(WHAT THE TASK ASKS)
Pictures do not belong in your copy. Repeat all the other data exactly.

(RECORDED INFORMATION)

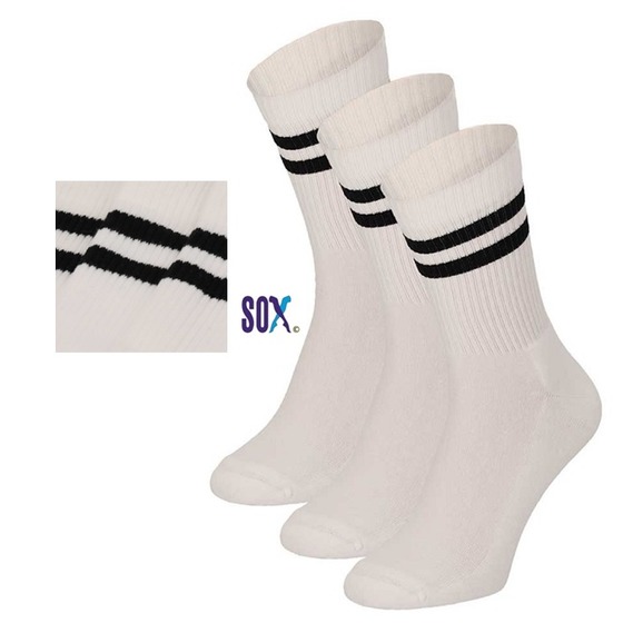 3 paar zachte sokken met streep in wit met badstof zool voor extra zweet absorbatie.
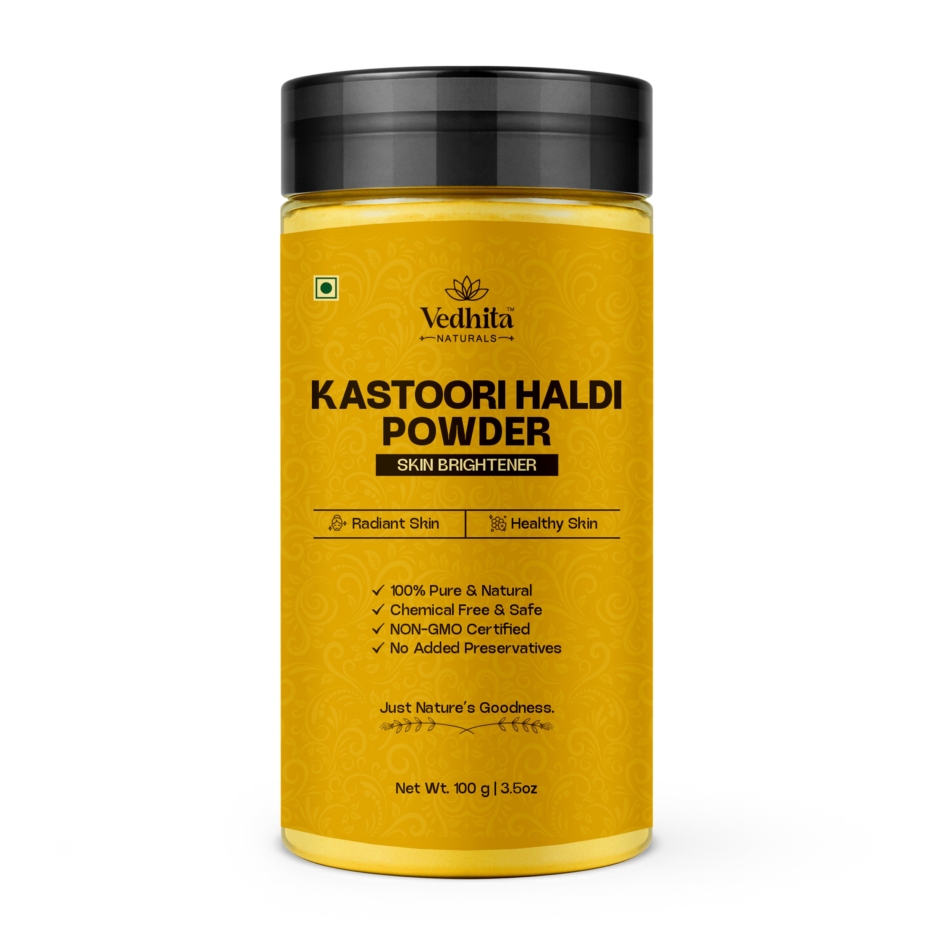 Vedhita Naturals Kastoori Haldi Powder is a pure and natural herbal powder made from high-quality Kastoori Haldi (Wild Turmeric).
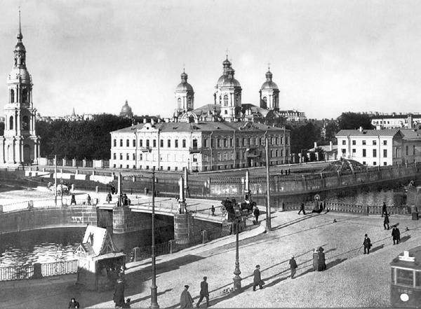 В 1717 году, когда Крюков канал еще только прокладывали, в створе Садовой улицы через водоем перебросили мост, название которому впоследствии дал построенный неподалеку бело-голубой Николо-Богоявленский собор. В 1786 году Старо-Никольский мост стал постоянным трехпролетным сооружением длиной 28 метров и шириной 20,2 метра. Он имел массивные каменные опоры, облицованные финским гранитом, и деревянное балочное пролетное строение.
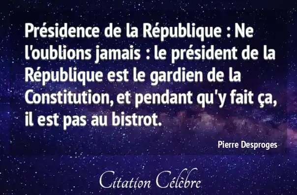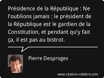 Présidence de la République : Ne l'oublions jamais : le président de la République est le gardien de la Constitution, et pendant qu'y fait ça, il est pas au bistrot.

(SOLUTION BELOW)
 3 paar zachte sokken met streep in wit met badstof zool voor extra zweet absorbatie.
 Vedhita Naturals Kastoori Haldi Powder is a pure and natural herbal powder made from high-quality Kastoori Haldi (Wild Turmeric).
 В 1717 году, когда Крюков канал еще только прокладывали, в створе Садовой улицы через водоем перебросили мост, название которому впоследствии дал построенный неподалеку бело-голубой Николо-Богоявленский собор. В 1786 году Старо-Никольский мост стал постоянным трехпролетным сооружением длиной 28 метров и шириной 20,2 метра. Он имел массивные каменные опоры, облицованные финским гранитом, и деревянное балочное пролетное строение.
 Présidence de la République : Ne l'oublions jamais : le président de la République est le gardien de la Constitution, et pendant qu'y fait ça, il est pas au bistrot.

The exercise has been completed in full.